Presidente do STF suspende decisões de Mendonça e Dino, retira Moraes das Fake News e marca sessão do plenário para o dia 15
O presidente do Supremo Tribunal Federal, Edson Fachin, tomou quatro decisões nesta quarta-feira (9) para tentar conter a maior crise interna que a Corte enfrenta nos últimos anos. Assim, o ministro centralizou o comando do caso e passou a responder pessoalmente pelos rumos da disputa entre integrantes do próprio tribunal e a cúpula da Polícia Federal.
Na prática, Fachin manteve Andrei Rodrigues à frente da direção-geral da PF, suspendeu duas decisões monocráticas tomadas por outros ministros, retirou Alexandre de Moraes da relatoria do inquérito das Fake News e marcou uma sessão extraordinária do plenário para a próxima terça-feira (15). Portanto, as movimentações reorganizaram, em um único dia, o mapa de poder dentro do STF.
Andrei Rodrigues segue na PF
A primeira decisão suspendeu a determinação de André Mendonça, que havia afastado Andrei Rodrigues do comando da Polícia Federal na terça-feira (8). No entanto, Fachin também derrubou a decisão de Flávio Dino, que reconduziu o diretor-geral ao cargo poucas horas depois. Dessa forma, o presidente do STF disse que apenas a Presidência da Corte pode decidir sobre o caso.

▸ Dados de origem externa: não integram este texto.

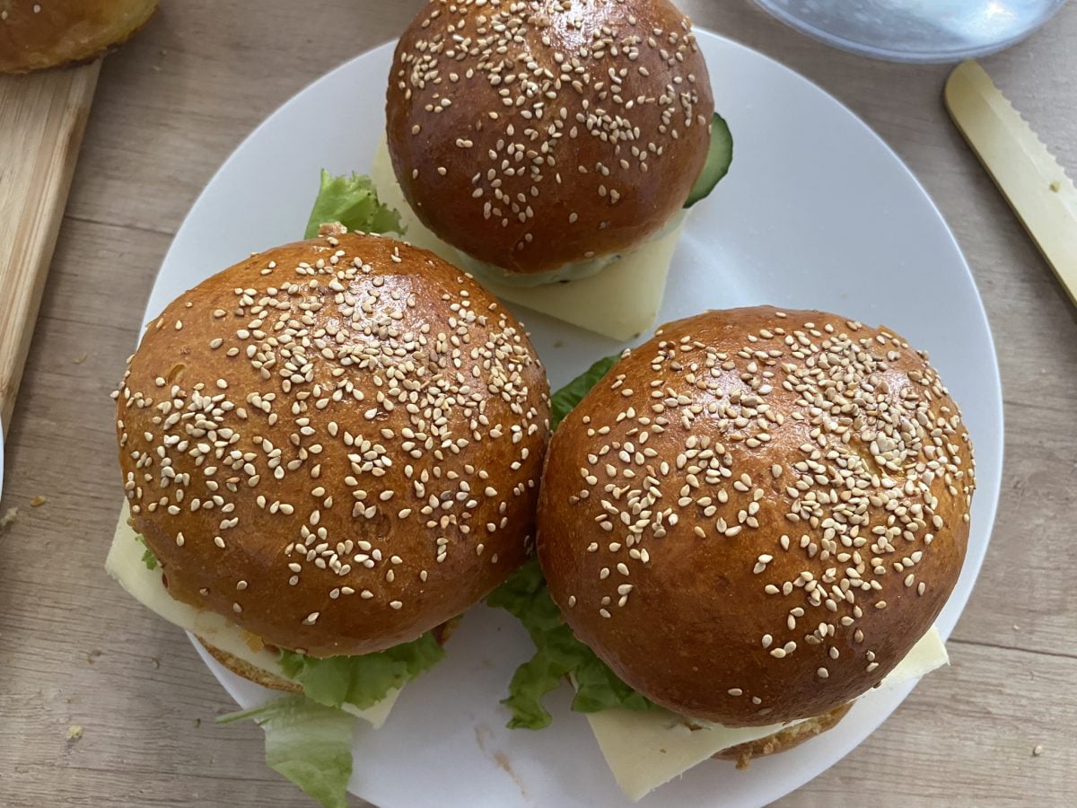 - Pentru copilul nostru am pus doar chifla, burgerul și castravete. Voi adaptati, după cum le știți preferințele

Em seguida, Fachin intimou Andrei Rodrigues a prestar informações em até 48 horas. Segundo o ministro, os esclarecimentos vão orientar a decisão final sobre a permanência do diretor-geral no cargo. Enquanto isso, o comandante da PF continua no posto.
No despacho, Fachin afirmou que as decisões sucessivas de Mendonça e Dino configuram “grave lesão à ordem pública e à integridade deste Tribunal”. Além disso, ele apontou risco de decisões contraditórias e sobreposição de competências dentro do Supremo.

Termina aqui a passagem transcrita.